Mentre auspichiamo che questa preziosa roadmap possa essere discussa al Summit del futuro di settembre e, come chiesto dagli autori, possa essere adottata dall’Assemblea generale Onu entro il 2026, anche l’ASviS, pur continuando il suo lavoro di monitoraggio, sensibilizzazione e advocacy per raggiungere gli Obiettivi al 2030, si sta preparando a guardare oltre. Lo fa già dal 2020 a dire il vero, con la nascita di FUTURAnetwork (qui trovate “Mille schegge di futuro”, una raccolta ragionata di riflessioni sui “futuri possibili” frutto degli anni di lavoro sul sito), ma lo farà sempre di più nei prossimi anni con “Ecosistema futuro”, un articolato progetto ricco di attività per portare il futuro al centro del dibattito culturale e politico. Il progetto verrà presentato più avanti nell’anno, ma questa scelta conferma che il futuro sarà sempre più rilevante nella strategia dell’Alleanza. Non a caso, durante la Consulta, si è ribadita la volontà di orientare in maniera crescente le attività nello spirito del messaggio del primo Festival dello Sviluppo Sostenibile: “Disegniamo il futuro. Cambiamo il presente”.

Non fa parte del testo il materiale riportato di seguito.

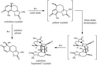 Early examples were often uncovered by the observation of precipitates or color changes from samples that were exposed to sunlights. The first reported case was by Ciamician that sunlight converted santonin to a yellow photoproduct:[3]
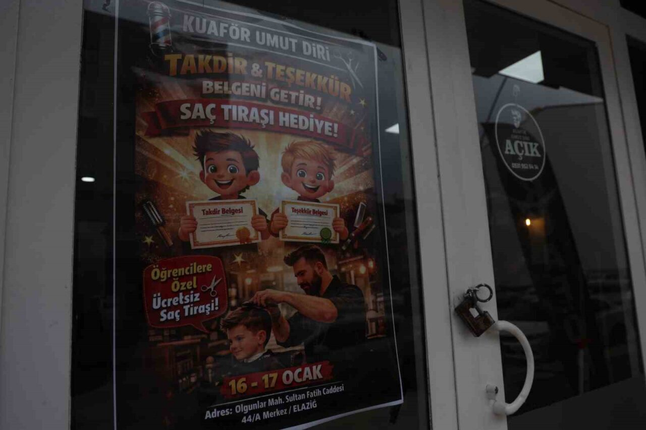 Elazığ’da erkek kuaförü Umut Diri, karne günü takdir ve teşekkür belgesi alan öğrenciler için ücretsiz tıraş kampanyası düzenledi. İki gün süren uygulama, öğrencilerden yoğun ilgi gördü. Amaçlarının çocukları motive etmek olduğunu ifade eden Kuaför Umut Diri, “Karne günü takdir ve teşekkür belgesi alan öğrencilerimizi ücretsiz tıraş ediyoruz. Amacımız çocuklarımızın başarılarını küçük de olsa bir hediyeyle taçlandırmak. Eğitim çok önemli; bu çocuklar bizim geleceğimiz. Yüzlerinde bir tebessüm oluşuyorsa, bizim için en büyük kazanç budur” dedi.

Il futuro sarà segnato sempre più da contraddizioni laceranti. Pertanto, per assumere decisioni corrette sarà cruciale rispondere alle difficoltà attuali delle persone senza scaricare il relativo costo sulle generazioni future, come ci indica anche la riforma costituzionale promossa dall’ASviS. Nel post-2030 (ma in realtà già adesso) bisognerà mettere con forza al centro dei sistemi decisionali la scienza e i dati per combattere la disinformazione e far comprendere all’opinione pubblica quali sono le scelte imprescindibili da compiere. Si dovrà promuovere, insieme al supporto economico a livello nazionale, l’azione con e nei territori per dare sostegno a chi deve far fronte ai maggiori costi della transizione, anche per superare le paure. Bisognerà evitare “spaccature intergenerazionali”, concentrando il lavoro di educazione allo sviluppo sostenibile su quegli adulti e anziani più contrari al cambiamento, che si stanno rivelando il vero zoccolo duro di chi vuole rallentare la transizione anziché accelerarla. Tutto ciò, e molto altro, fa parte dell’impegno degli aderenti all’ASviS ad essere “Guardiani del futuro”, coniugando in senso positivo i potenziali conflitti tra le scelte per l’oggi e per il domani, e contribuendo ad elaborare cicli politici lungimiranti ed efficaci a beneficio di uno sviluppo sostenibile per tutte e per tutti.